Woodlands, Wetlands & Wildlife, August 2017 Cape Cod LIFE | capecodlife.com

The Lee Baldwin Memorial Woodlands (5), is a serene destination just a short distance from Route 28.

Located between Chatham Road and Route 39, Thompson’s Field Conservation Area (8) consists of 57 acres, with wide-open spaces and multiple trails totaling 2.75 miles. Leslie Kennedy Shaw, a dog walker from Harwich, regularly visits the area with her Maltese poodle, Inspector Gadget, and three or four other pooches. “The location is perfect,” she says, “and the sunsets here are amazing.” Walkers can enjoy a multitude of trails that wind through open fields and pine forest.

For a quick five-minute meander, there are two trails located a short distance from Route 28, that each offer a little over 100 feet of boardwalk leading to scenic vistas. Accessed from Lothrop Avenue, Lee Baldwin Memorial Woodlands (5), named for the late naturalist and trustee, features a short boardwalk through the woods. A bench at the end is a relaxing perch where one can gaze upon a red maple wetland and enjoy the quiet. Accessed from Route 28, the A. Janet DeFulvio Wildlife Sanctuary & Boardwalk (3) offers pleasant views of an expansive marsh. The property was donated to the trust by the DeFulvio family, and highlights include a 20-foot osprey-nesting platform. In fall, the area’s tupelo trees turn a striking red.

On the other end of town, visitors can explore the Monomoy River Conservation Lands (10), which are located just within Harwich’s border with Chatham. With 1.25 miles of trails stretching along the Monomoy River (a.k.a. Muddy Creek), visitors can take a leisurely walk through the woods. The trails have benches overlooking the river, and those that make their way to the trail’s end are rewarded with distant views of Pleasant Bay.

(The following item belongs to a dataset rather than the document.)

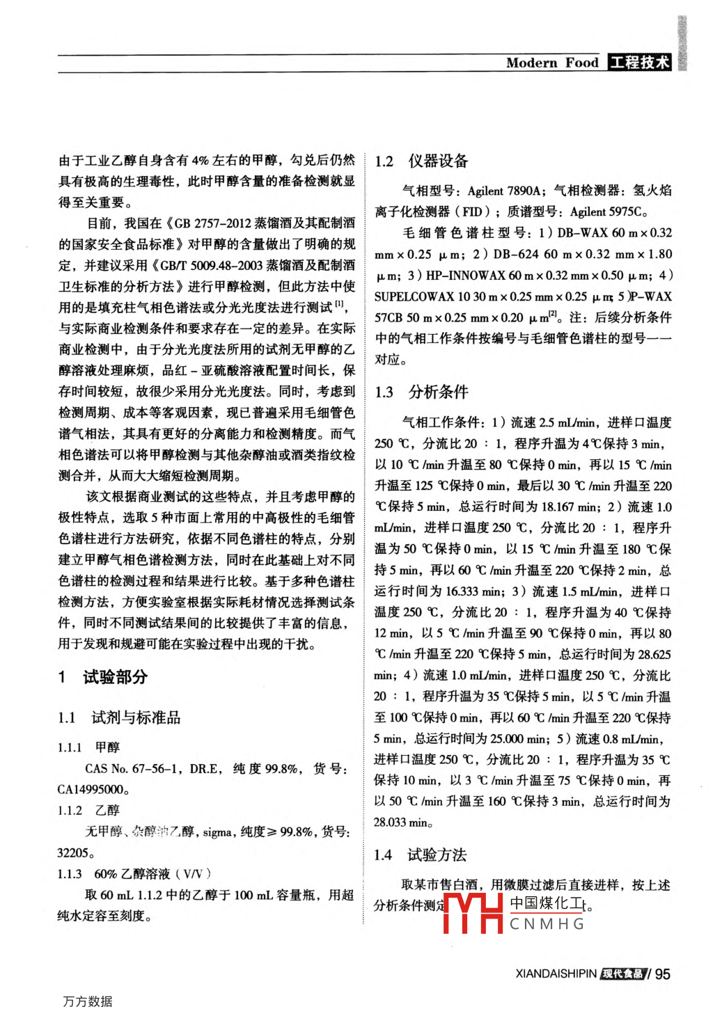 程技術(shù) Modern Food白酒中甲醇檢測方法的優(yōu)化Optimization of Methanol Detection Method in Chinese Spirit◎羅藝,楊琳,俞文清(通標標準技術(shù)服務(wù)(上海)有限公司,上海200000Luo Yi, Yang Lin, Yu WengingStandard technical service(Shanghai)Co., Ltd, Shanghai 200000, China)摘要:蒸餾酒及其配制酒的國家安全食品標準對甲醇的含量做出了明確的規(guī)定,并建議采用GB/T500948中提及的填充柱氣相色譜法或分光光度法進行測試,但在實際商業(yè)檢測中,已普遍采用毛細管色譜柱,并與白酒中其他易揮發(fā)雜質(zhì)或酒類指紋測試同時進行,從而提高測試精度并縮短檢測周期。該文根據(jù)商業(yè)測試的特點,選取了5種不同的毛細管色譜柱,分別建立了甲醇氣相色譜檢測方法,為商業(yè)檢測色譜柱及方法選擇提供了便利,同時通過測試結(jié)果的比較,確定了較優(yōu)化的測試方法。關(guān)鍵詞:白酒;甲醇;氣相色譜;毛細管;檢測方法Abstract: National food safety standard of distilled wine and mixed wine made an explicit requirementfor the content of methanol, and recommended GB/T 5009. 48 to test by using the packed column gaschromatography and spectrophotometric method. However, capillary chromatographic column has been usedwidely in the actual commercial tests, and methanol is determined with other volatile impurities and liquorfingerprint testing simultaneously to improve the test precision and shorten the testing period. Accordingto the characteristics of the commercial test, this study established the analytical test methods of methanolbased on gas chromatography of 5 different capillary columns, which is convenient to select capillaryhromatographic column and test method based on the result of this study. Meanwhile, this study selected thebetter test method through the comparison of test resultsKey words: Chinese spirits; Methanol; Gas chromatography; Capillary column; Test method中圖分類號:R1555白酒( Chinese spirits)是以糧谷為主要原料,以甲醇的毒性對人體的神經(jīng)和血液系統(tǒng)影響極大,消化大曲、小曲或麩曲及酒母等為糖化發(fā)酵劑,經(jīng)蒸煮、道、呼吸道和皮膚的攝入都會產(chǎn)生毒理反應(yīng),同時甲糖化、發(fā)酵、蒸餾而制成的蒸餾酒。白酒在生產(chǎn)過程醇蒸汽則能迅速地對人體的呼吸道和視力產(chǎn)生損害中會自然產(chǎn)生甲醇、乙醇和其他有機物質(zhì),但在蒸餾般正堂白酒中所含的話量甲醇對人體并無傷的過程中,由于甲醇和乙醇的沸點較接近,甲醇無法害,并且還中國煤化紋標志,用于完全分離,導致白酒中不可避免地存在一定量的甲醇。品牌白酒的鑒CNMH兌的假冒白酒,94瓜魂代食品 XIANDAISHIPINModern food程技術(shù)由于工業(yè)乙醇自身含有4%左右的甲醇,勾兌后仍然1.2儀器設(shè)備具有極高的生理毒性,此時甲醇含量的準備檢測就顯氣相型號: agilent7890A;氣相檢測器:氫火焰得至關(guān)重要。目前,我國在《CB2757-2012蒸餾酒及其配制酒離子化檢測器(FD);質(zhì)譜型號: agilent5975C。的國家安全食品標準》對甲醇的含量做出了明確的規(guī)毛細管色譜柱型號:1)DB-WAX60m×0.32定,并建議采用《cB/T500948-2003蒸餾酒及配制酒nm×0.25m;2)DB-62460m×0.32mm×1.80Hm; 3 )HP-INNOWAX 60 m x 0.32 mm x 0.50 H m; 4)衛(wèi)生標準的分析方法》進行甲醇檢測,但此方法中使用的是填充柱氣相色譜法或分光光度法進行測試 n] SUPELCOWAX1030m×025mmx0.25μm5-WAX57CB50m×0.25mm×0.20μm2。注:后續(xù)分析條件與實際商業(yè)檢測條件和要求存在一定的差異。在實際中的氣相工作條件按編號與毛細管色譜柱的型號商業(yè)檢測中,由于分光光度法所用的試劑無甲醇的乙對應(yīng)。醇溶液處理麻煩,品紅-亞硫酸溶液配置時間長,保存時間較短,故很少采用分光光度法。同時,考慮到13分析條件檢測周期、成本等客觀因素,現(xiàn)已普遍采用毛細管色氣相工作條件:1)流速25m/min,進樣口溫度譜氣相法,其具有更好的分離能力和檢測精度。而氣250℃,分流比20:1,程序升溫為4℃保持3min,相色譜法可以將甲醇檢測與其他雜醇油或酒類指紋檢測合并,從而大大縮短檢測周期。以10℃/min升溫至80℃保持0min,再以15℃/min該文根據(jù)商業(yè)測試的這些特點,并且考慮甲醇的升溫至125℃保持0min,最后以30℃/min升溫至220℃保持5min,總運行時間為18.167min;2)流速1.0極性特點,選取5種市面上常用的中高極性的毛細管色譜柱進行方法研究,依據(jù)不同色譜柱的特點,分別mL/min,進樣口溫度250℃,分流比20:1,程序升溫為50℃保持0min,以15℃hmin升溫至180℃保建立甲醇氣相色譜檢測方法,同時在此基礎(chǔ)上對不同色譜柱的檢測過程和結(jié)果進行比較?;诙喾N色譜柱持5min,再以60℃/min升溫至220℃保持2min,總檢測方法,方便實驗室根據(jù)實際耗材情況選擇測試條運行時間為1633min;3)流速15ml/min,進樣口件,同時不同測試結(jié)果間的比較提供了豐富的信息,溫度250℃,分流比20:1,程序升溫為40℃保持12min,以5℃/min升溫至90℃保持0min,再以80用于發(fā)現(xiàn)和規(guī)避可能在實驗過程中出現(xiàn)的干擾?!?min升溫至220℃保持5min,總運行時間為286251試驗部分min;4)流速1.0mI/min,進樣口溫度250℃,分流比20:1,程序升溫為35℃保持5min,以5℃/min升溫11試劑與標準品至100℃保持0min,再以60℃/min升溫至220℃保持1.1.1甲醇5min,總運行時間為25000min;5)流速0.8ml/min,CAS No.67-56-1,DRE,純度99.8%,貨號:進樣口溫度250℃,分流比20:1,程序升溫為35℃保持10min,以3℃/min升溫至75℃保持0min,再CA14995000。1.1.2乙醇以50℃/min

In all, Harwich’s nature areas offer a diversity of trails and topography, wildlife and natural scenery, and walking and hiking areas to explore and enjoy. “In this special corner of the Cape, Harwich offers the curious hiker a chance to walk woodland trails, enjoy sweeping marsh vistas and reflect by picturesque ponds,” Lach says. “It’s always inspiring.”